The central Atlantic ocean has cooled a little over the last month, and the cold pool that’s been there for what must be a couple of years now has become a little better organised. There are still plenty of pockets of very warm water pulsing south of Newfoundland from the east coast of America, and a noticeable warming of the North sea, probably brought about by the recent exceptional warm start to September in central Europe. The other thing that I noticed was that the warm anomalies of +2 to +3 have now gone from the Davis Straits and the Labrador sea, but the warm anomalous area to the west of Portugal have persisted. Here are two charts of sea surface temperature [SST] anomalies from the last month for comparison. I don’t know what this means for the coming autumn and winter in western Europe, possible another progressive and occasionally stormy affair like the last year.
I know it’s not quite the end of July , but I thought I would produce anomaly charts for mean sea level pressure [MSLP] so far this month, and see what influence the atmospheric circulation may have had on rainfall in parts of the south and east England. Quite a simple anomaly chart in truth, up to the 24th of the month there was a belt of lower than average pressure over the central Atlantic (-4 hPa) and higher than average pressure over Greenland (+7 hPa) and central Europe (+3 hPa). The British Isles is sandwiched between the two, with the zero anomaly running WSW-ENE across northern England with higher than average pressure to the south and lower than average to the north. The belt of anomalous low pressure in the central Atlantic ties in nicely with the lower than average sea surface temperatures [SST] in the central Atlantic. This kind of flow would have produced rather cloudy weather in the north albeit rather warm and muggy at times, the closeness of the high pressure ridge over central France would also would explain the low rainfall totals in the south. This might be a slightly better explanation than the “random distribution of showers” that Matt Taylor proffered on twitter as the reason, but I’ll leave it to you to be the final arbiter on that.
The cooler water in the central Atlantic persists, not because it’s that’s cool more because it’s surrounded by warm waters to the north, east and now west. The southwest approaches and Biscay both have positive anomalous Sea Surface Temperatures [SST] of +2°C, although curiously the SST’s in the English Channel south of the Isle of Wight are near average. If you look back to as recently as early May these anomalies did not exist. Massive areas of warmer than average SST north of Iceland and west of Svalbard persist with anomalies as high as +4°C – will that area ever see sea ice again? In comparison the Mediterranean looks quite normal. I’m just wondering what these latest SST values spell out for the coming Autumn and Winter.

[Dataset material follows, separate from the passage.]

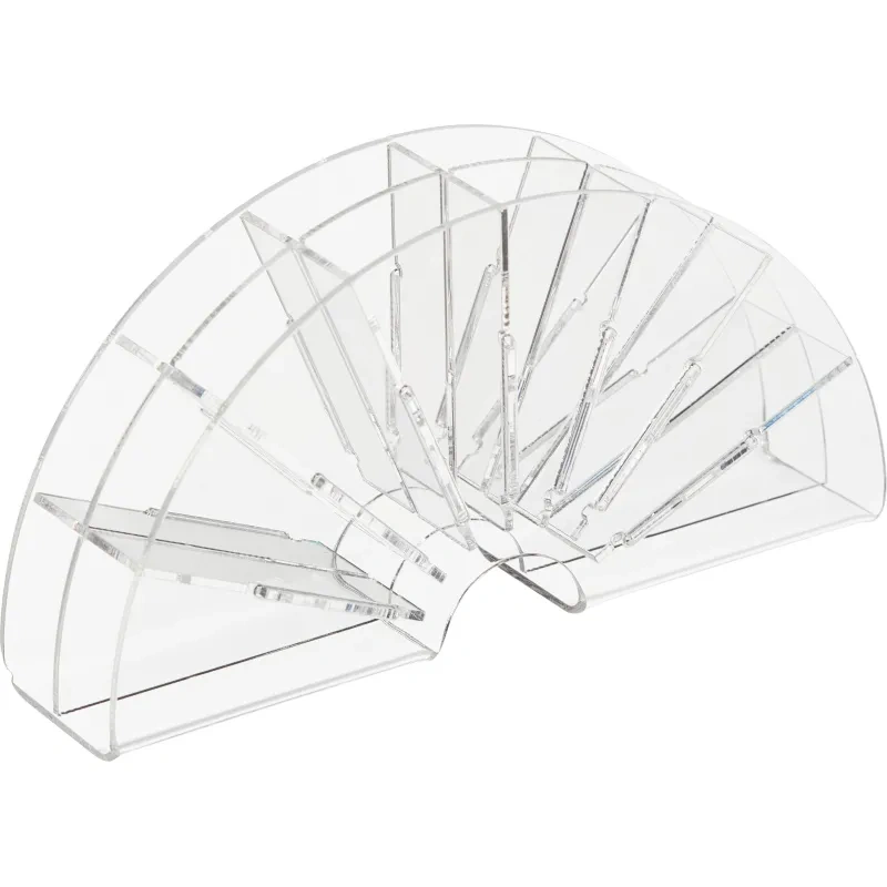 Подставка под канцелярские принадлежности настольная в форме веера на 12 секций (горизонтальная). Выполнена из высококачественного прозрачного акрила, хорошо подходит для хранения, канцелярских принадлежностей, мелочей и других аксессуаров. Выпускается в защитной пленке по 1 штуке. Габаритные размеры: 75×145×20 мм (ВхШхГ).

There’s some kind of Kelvin-Helmholtz effect going on in the central Pacific, and I mean in the SST anomalies and not in the sky, as the last vestiges of the recent El Nino collapses to make way for a La Nina event that will start later this year perhaps. These pulses of cold and warm SST anomalies are definitely very fractal like, and I’m sure there is probably an explanation to this effect, but you won’t get it from this blog unless someone kindly posts us the answer in a comment!